* _Description of the task_
Print the lines from the one containing "Wooden paddle with" through the end of the material below, both included, exactly as they appear and without pictures.

* _Given entries_

════════════════

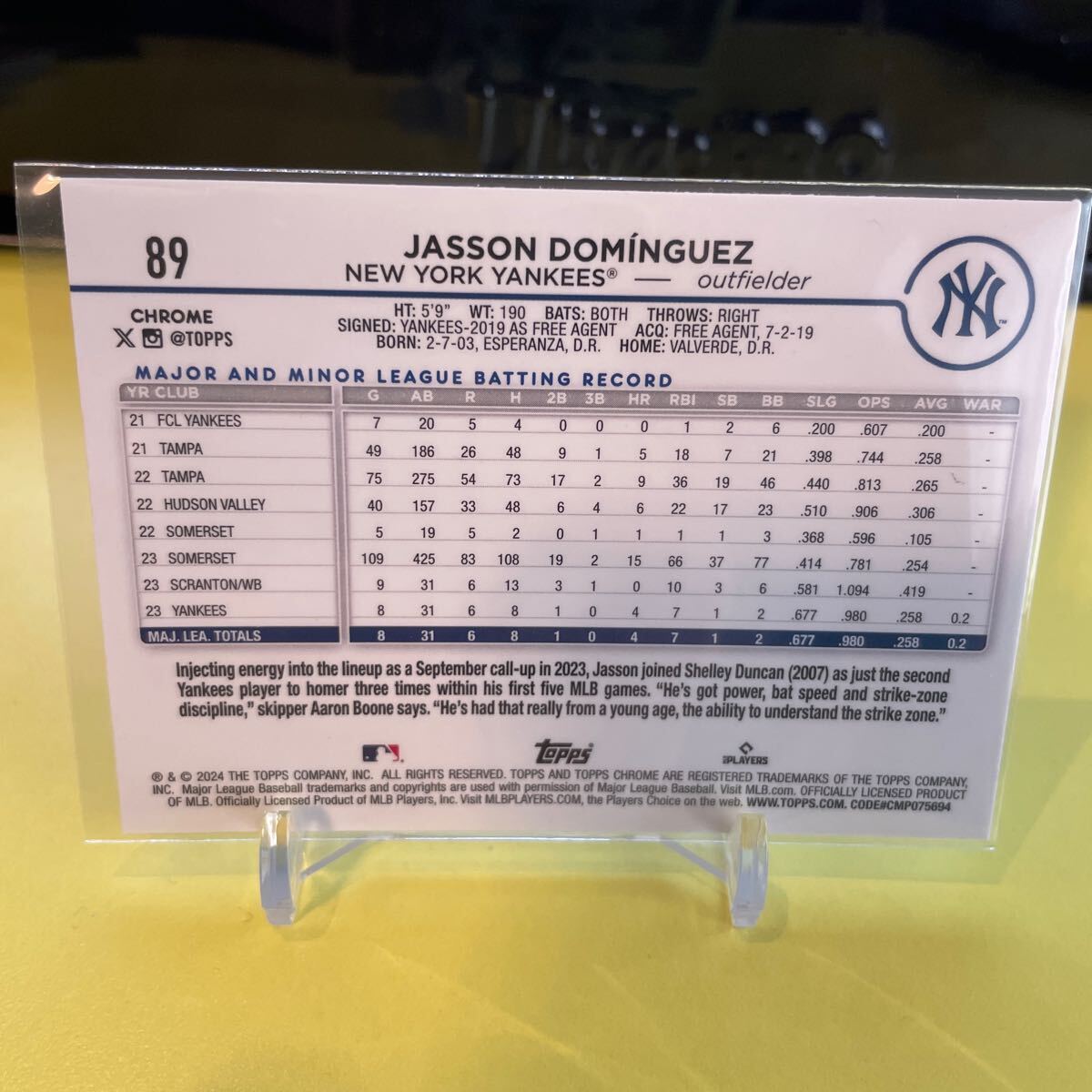 2024 Topps Chrome - #89 Jasson Dominguez (RC) New York Yankees ドミンゲス ヤンキース MLB baseball カード
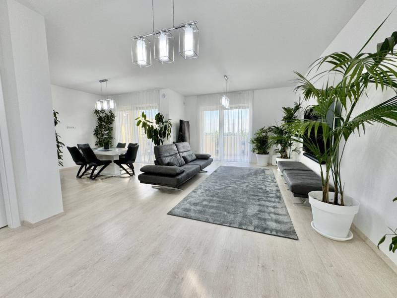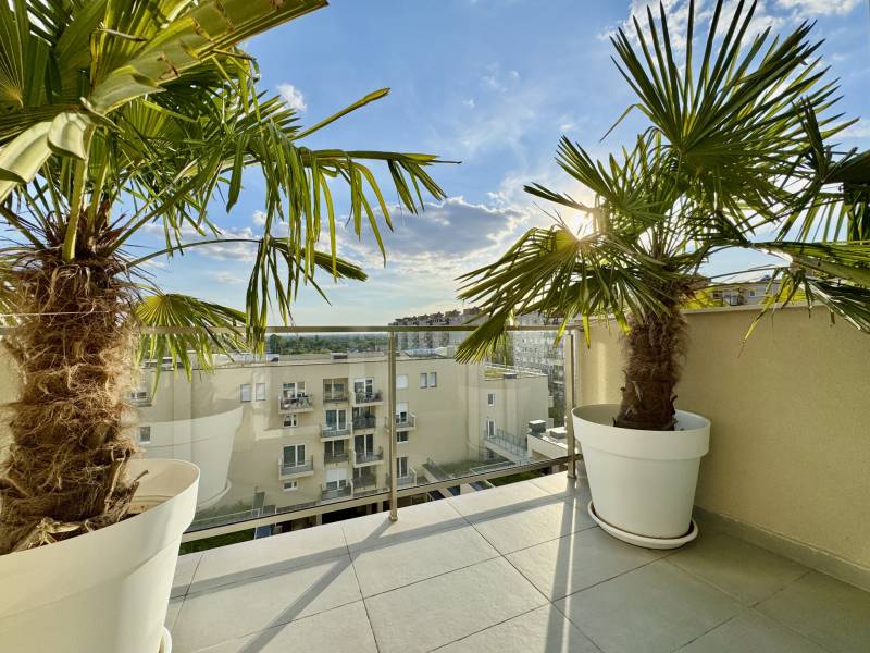 Prémium újépítésű lakás, dupla erkéllyel a XIX. kerületben. Eladó ez a minden szempontból átgondolt, legjobb minőségben kivitelezett 3 szobás lakás. (Akár visszabérléssel)Fontosabb információk: • 2024 átadás• 103m2 , 3 szoba• 15,43 m²-es terasz és egy 4,26 m²-es erkély• geotermikus fűtésrendszer, mennyezeti fűtés és hűtés• padlófűtés az előtérben, wc és fürdőszobában• okos-otthon teljesen kiépítve, lentebb részletezve• magas minőségű nyílászárók• szívesen visszabérelné a tulajdonos• tehermentes tulajdoni lap.A hirdetett ár tartalmazza:• teljes mesh WiFi rendszer;• pezsgőfürdő funkcióval és színterápiával ellátott fürdőkád;• okos konnektorok és kapcsolók;• szőnyegek és függönyök;• tartalék burkolatok: csempe, padlócsempe, vízálló padlóOkos-otthon rendszer lehetővé teszi az alábbi funkciók távoli, mobiltelefonos vezérlését is:• beépített riasztórendszer;• fűtés és hűtés;• állítható fényerejű LED világítás;• elektromos, motoros redőnyök;• okos kilinccsel felszerelt bejárati ajtó;• főzőlap, sütő, mosogatógép, mosógép és szárítógép.Emellett a rendszer jelzéseket küld a mobiltelefonra behatolás, vízszivárgás vagy füstérzékelés esetén.Kérdés, vagy egyéb információ esetén keressen bizalommal!
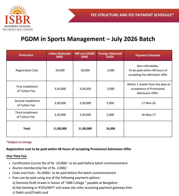 | Fee Type | Total Amount (INR) |
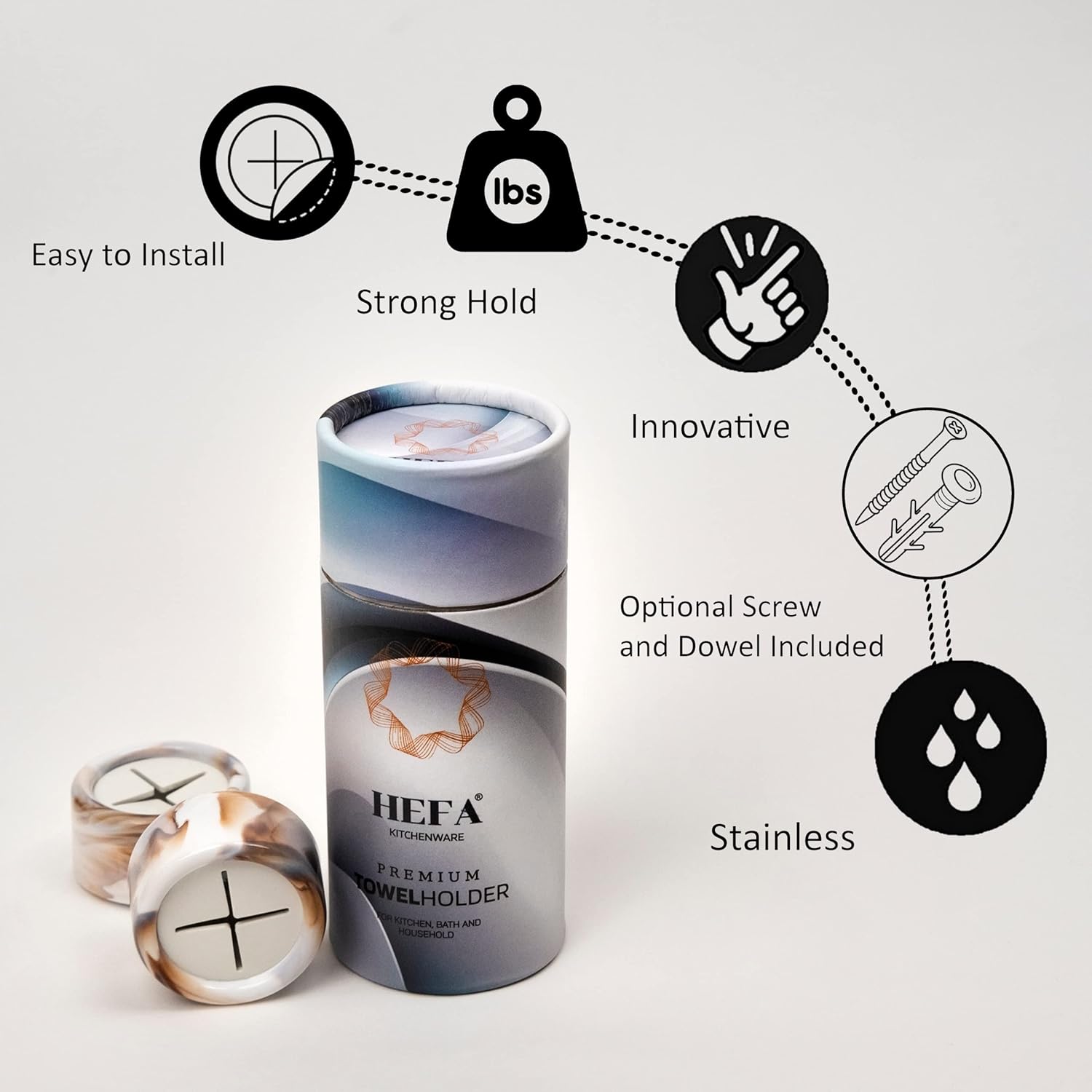- Gift-Ready - Our towel hooks make a great gift thanks to the high-quality, specially designed paper tube packaging. They're perfect for newlyweds, home changers, and anyone who spends time in the kitchen. Plus, we offer a warranty and are committed to 100% customer satisfaction.
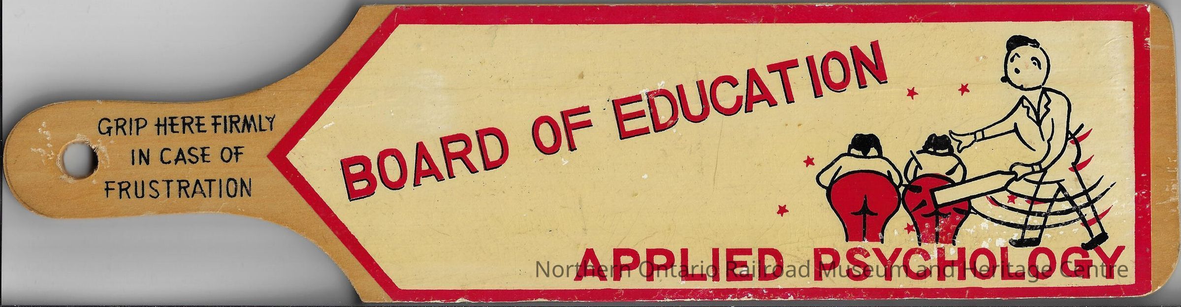 Wooden paddle with an image of a teacher spanking two students who are bent over.
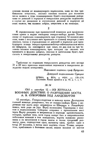 Из журнала военных действий. О разрушении моста А.В. Суворовым под Ландсбергом. 1761 г. сентября 12 // ЦГВИА, ф. ВУА, д. 1681, стр. 416-417, подлинник.
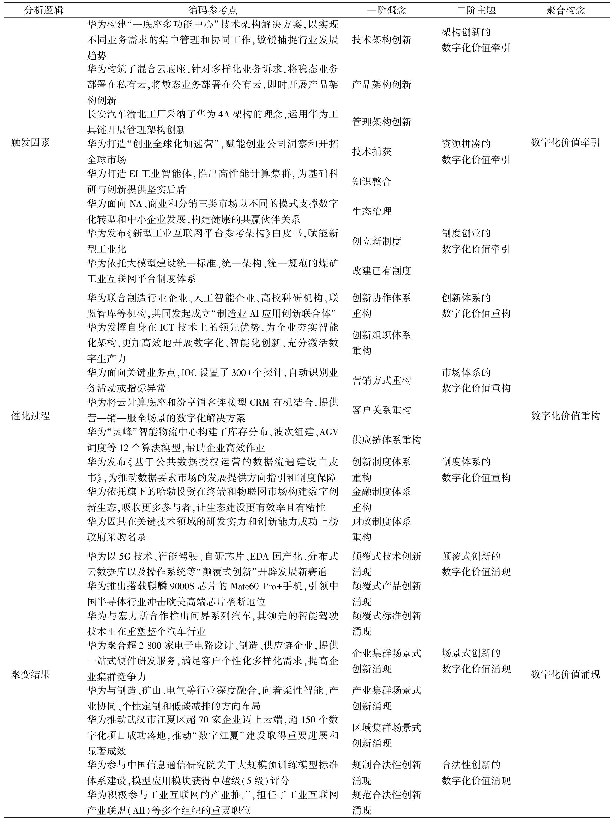 表3 华为牵引实现数字化价值涌现的编码参考点与编码结果
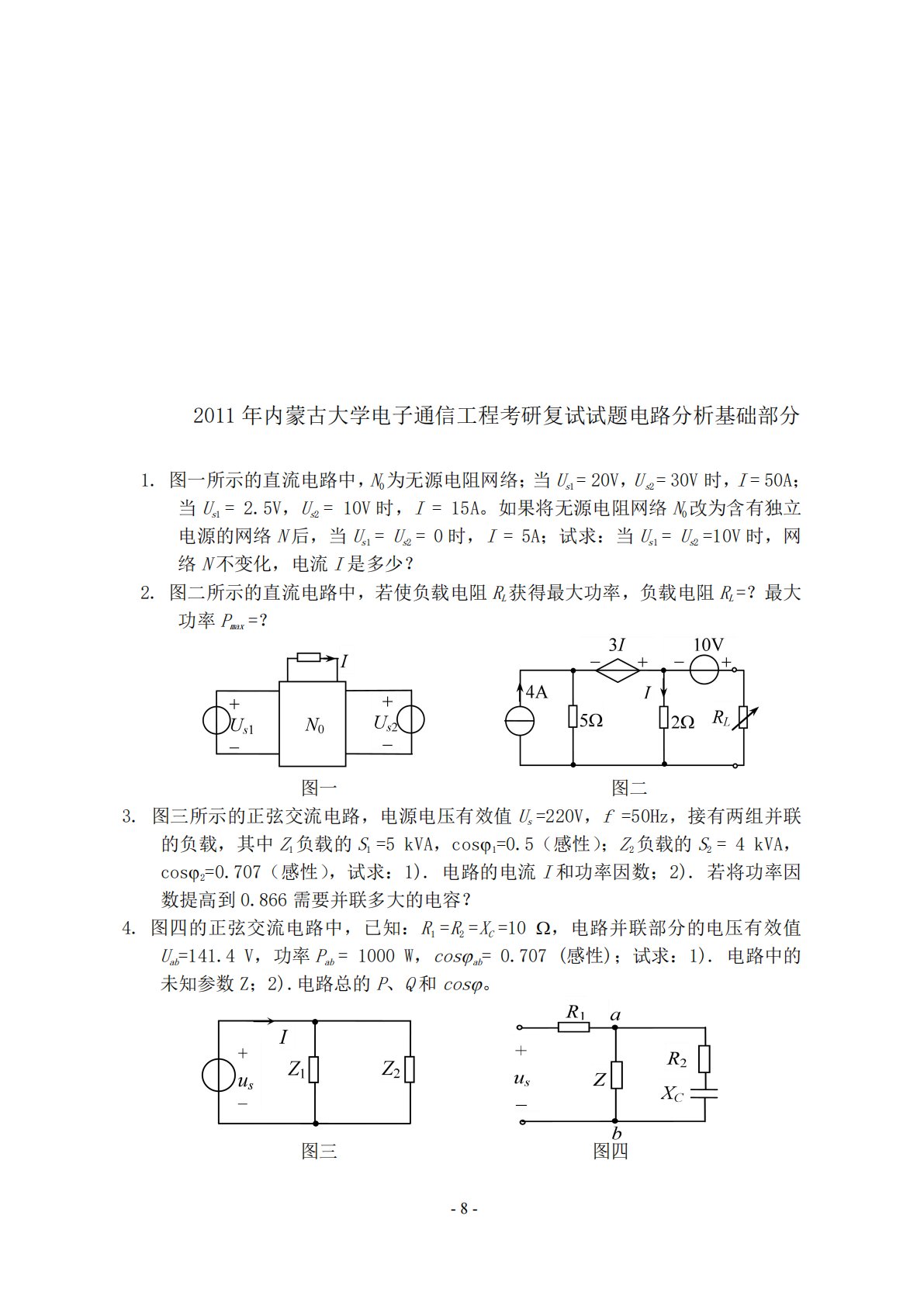 -8-2011年内蒙古大学电子通信工程考研复试试题电路分析基础部分1.图一所示的直流电路中,N0为无源电阻网络;当Us1=20V,Us2=30V时,I=50A;当Us1=2.5V,Us2=10V时,I=15A。如果将无源电阻网络N0改为含有独立电源的网络N后,当Us1=Us2=0时,I=5A;试求:当Us1=Us2=10V时,网络N不变化,电流I是多少?2.图二所示的直流电路中,若使负载电阻RL获得最大功率,负载电阻RL=?最大功率Pmax=?图一图二3.图三所示的正弦交流电路,电源电压有效值Us=220V,f=50Hz,接有两组并联的负载,其中Z1负载的S1=5kVA,cos1=0.5(感...

════════════════

* _Solution to this exercise_
 Wooden paddle with an image of a teacher spanking two students who are bent over.
 Из журнала военных действий. О разрушении моста А.В. Суворовым под Ландсбергом. 1761 г. сентября 12 // ЦГВИА, ф. ВУА, д. 1681, стр. 416-417, подлинник.
 表3 华为牵引实现数字化价值涌现的编码参考点与编码结果
 -8-2011年内蒙古大学电子通信工程考研复试试题电路分析基础部分1.图一所示的直流电路中,N0为无源电阻网络;当Us1=20V,Us2=30V时,I=50A;当Us1=2.5V,Us2=10V时,I=15A。如果将无源电阻网络N0改为含有独立电源的网络N后,当Us1=Us2=0时,I=5A;试求:当Us1=Us2=10V时,网络N不变化,电流I是多少?2.图二所示的直流电路中,若使负载电阻RL获得最大功率,负载电阻RL=?最大功率Pmax=?图一图二3.图三所示的正弦交流电路,电源电压有效值Us=220V,f=50Hz,接有两组并联的负载,其中Z1负载的S1=5kVA,cos1=0.5(感...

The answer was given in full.